Recorded data:
▬▬▬▬▬▬▬▬▬▬
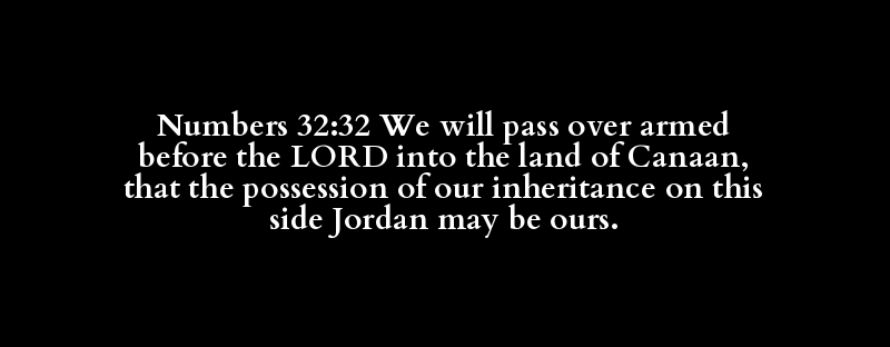 Numbers 32:32 We will pass over armed before the LORD into the land of Canaan, that the possession of our inheritance on this side Jordan may be ours.
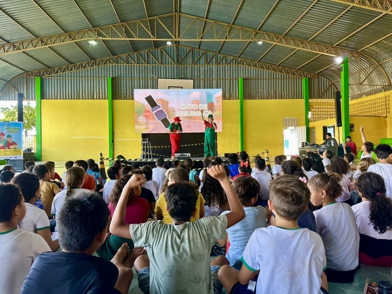 Entre risadas e músicas envolventes, o aprendizado ganhou ritmo na Escola Municipal Caminho para o Futuro, em Lucas do Rio Verde, durante o projeto cultural “Sinal Verde para a Alegria”, nesta quinta-feira (6). O espetáculo, apresentado pelos humoristas Tchó e Béppi promoveu a conscientização dos alunos sobre os cuidados necessários para garantir a segurança no trânsito.
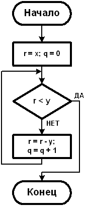 Здесь условие выхода из цикла проверяется до входа в цикл (цикл «Пока») и при x < y, тело цикла не выполняется ни разу, т.е. остается r = x и q = 0.
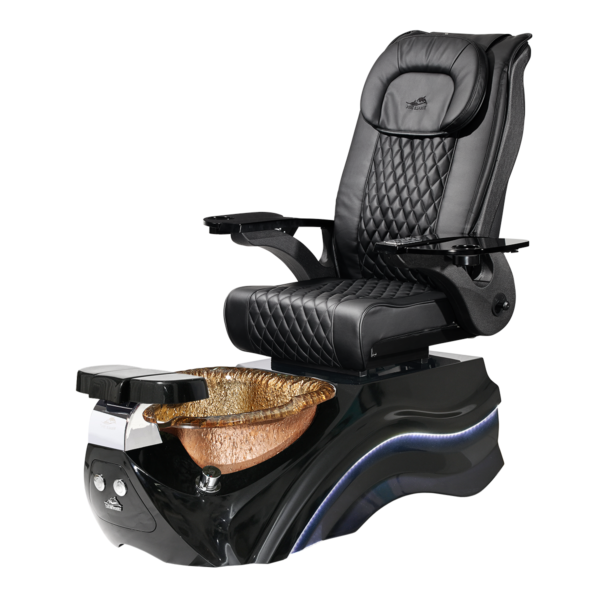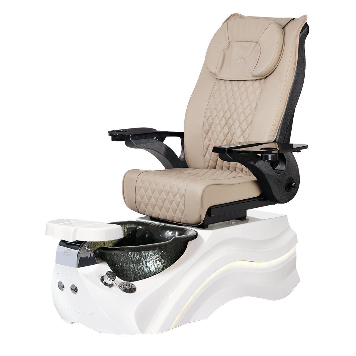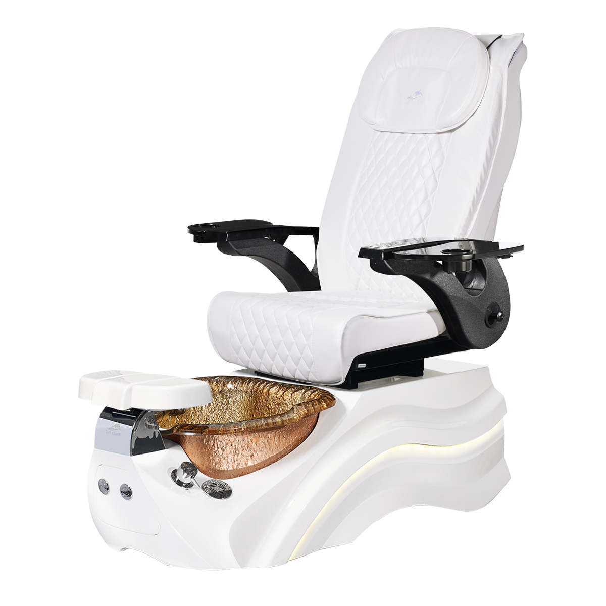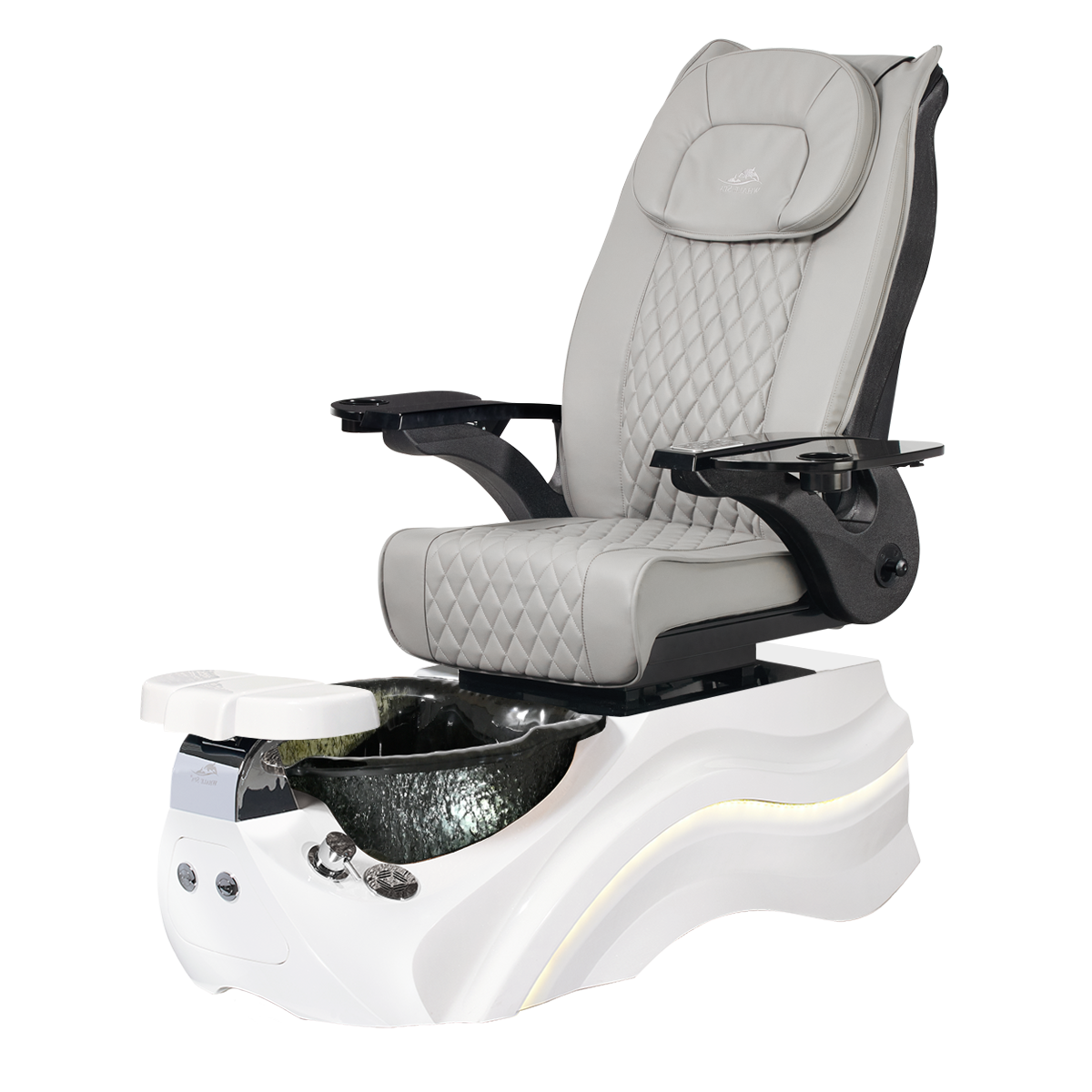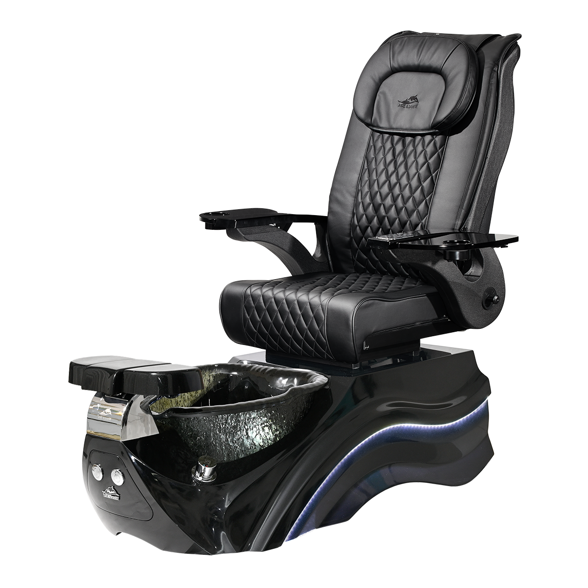 The Pleroma II spa pedicure chair, engineered for transformative pedicure perfection. This pedicure chair is marked by luxury with its glowing LED light accent lighting, stunning diamond quilted PU leather, and accompanied by the strength of it’s durable and thermal shock resistant “stone style” glass basin. A poignant touch to any modern nail salon.
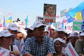 «Кульмінацією» дійства традиційно стає мітинг. Зібрання на Європейській площі 18 травня не стало виключенням. Промови сценарних спікерів, ретельно «опрацьовані» спічрайтерами і політтехнологами, зачитуються «залізними голосами» з аматорською епатажністю. Демонстранти з нудьгуючими обличчями тримають банери та прапори, всім своїм виглядом показуючи боротьбу сили волі з бажанням організму піти геть з пекучого сонця. А ще краще – до «десятника» за чесно заробленими 100-150 гривнями. Саме наявність мотивації «неоподаткованого» гонорару й є тим елементом, який відрізняє сучасні масові акції влади від тих, що «добровільно-примусово» відбувалися в СРСР.
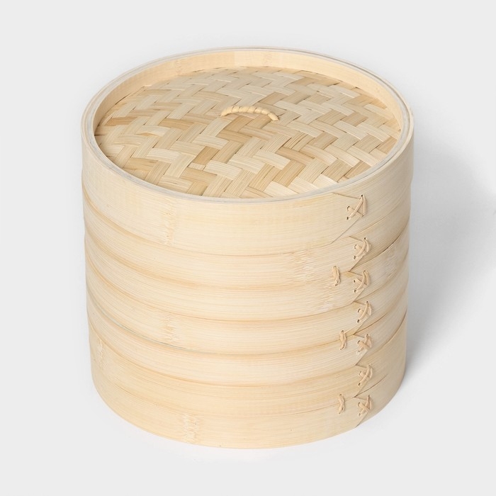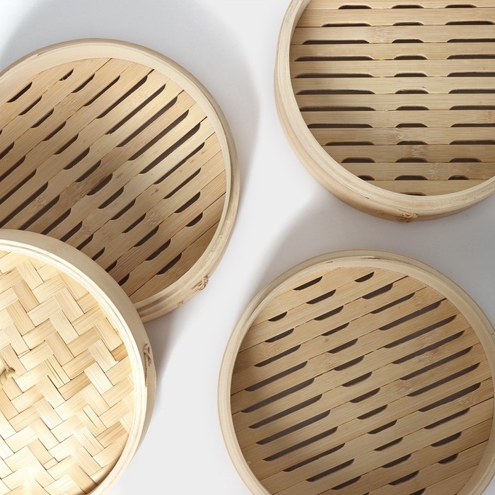 Конструкция из бамбуковых ёмкостей предназначена для приготовления пищи на пару. Резервуаром для воды в данном случае выступает кастрюля или сковорода WOK (в комплект не входит). Обработка паром сохраняет полезные свойства продуктов, делает блюда сочными и нежными. Изделие подходит для приготовления овощей, риса, рыбы и мяса, пельменей, мантов и хинкалей.
▬▬▬▬▬▬▬▬▬▬
WHAT TO WORK ON — Restate the entries verbatim and exclude any pictures.

EXERCISE RESULT —
 Numbers 32:32 We will pass over armed before the LORD into the land of Canaan, that the possession of our inheritance on this side Jordan may be ours.
 Entre risadas e músicas envolventes, o aprendizado ganhou ritmo na Escola Municipal Caminho para o Futuro, em Lucas do Rio Verde, durante o projeto cultural “Sinal Verde para a Alegria”, nesta quinta-feira (6). O espetáculo, apresentado pelos humoristas Tchó e Béppi promoveu a conscientização dos alunos sobre os cuidados necessários para garantir a segurança no trânsito.
 Здесь условие выхода из цикла проверяется до входа в цикл (цикл «Пока») и при x < y, тело цикла не выполняется ни разу, т.е. остается r = x и q = 0.
 The Pleroma II spa pedicure chair, engineered for transformative pedicure perfection. This pedicure chair is marked by luxury with its glowing LED light accent lighting, stunning diamond quilted PU leather, and accompanied by the strength of it’s durable and thermal shock resistant “stone style” glass basin. A poignant touch to any modern nail salon.
 «Кульмінацією» дійства традиційно стає мітинг. Зібрання на Європейській площі 18 травня не стало виключенням. Промови сценарних спікерів, ретельно «опрацьовані» спічрайтерами і політтехнологами, зачитуються «залізними голосами» з аматорською епатажністю. Демонстранти з нудьгуючими обличчями тримають банери та прапори, всім своїм виглядом показуючи боротьбу сили волі з бажанням організму піти геть з пекучого сонця. А ще краще – до «десятника» за чесно заробленими 100-150 гривнями. Саме наявність мотивації «неоподаткованого» гонорару й є тим елементом, який відрізняє сучасні масові акції влади від тих, що «добровільно-примусово» відбувалися в СРСР.
 Конструкция из бамбуковых ёмкостей предназначена для приготовления пищи на пару. Резервуаром для воды в данном случае выступает кастрюля или сковорода WOK (в комплект не входит). Обработка паром сохраняет полезные свойства продуктов, делает блюда сочными и нежными. Изделие подходит для приготовления овощей, риса, рыбы и мяса, пельменей, мантов и хинкалей.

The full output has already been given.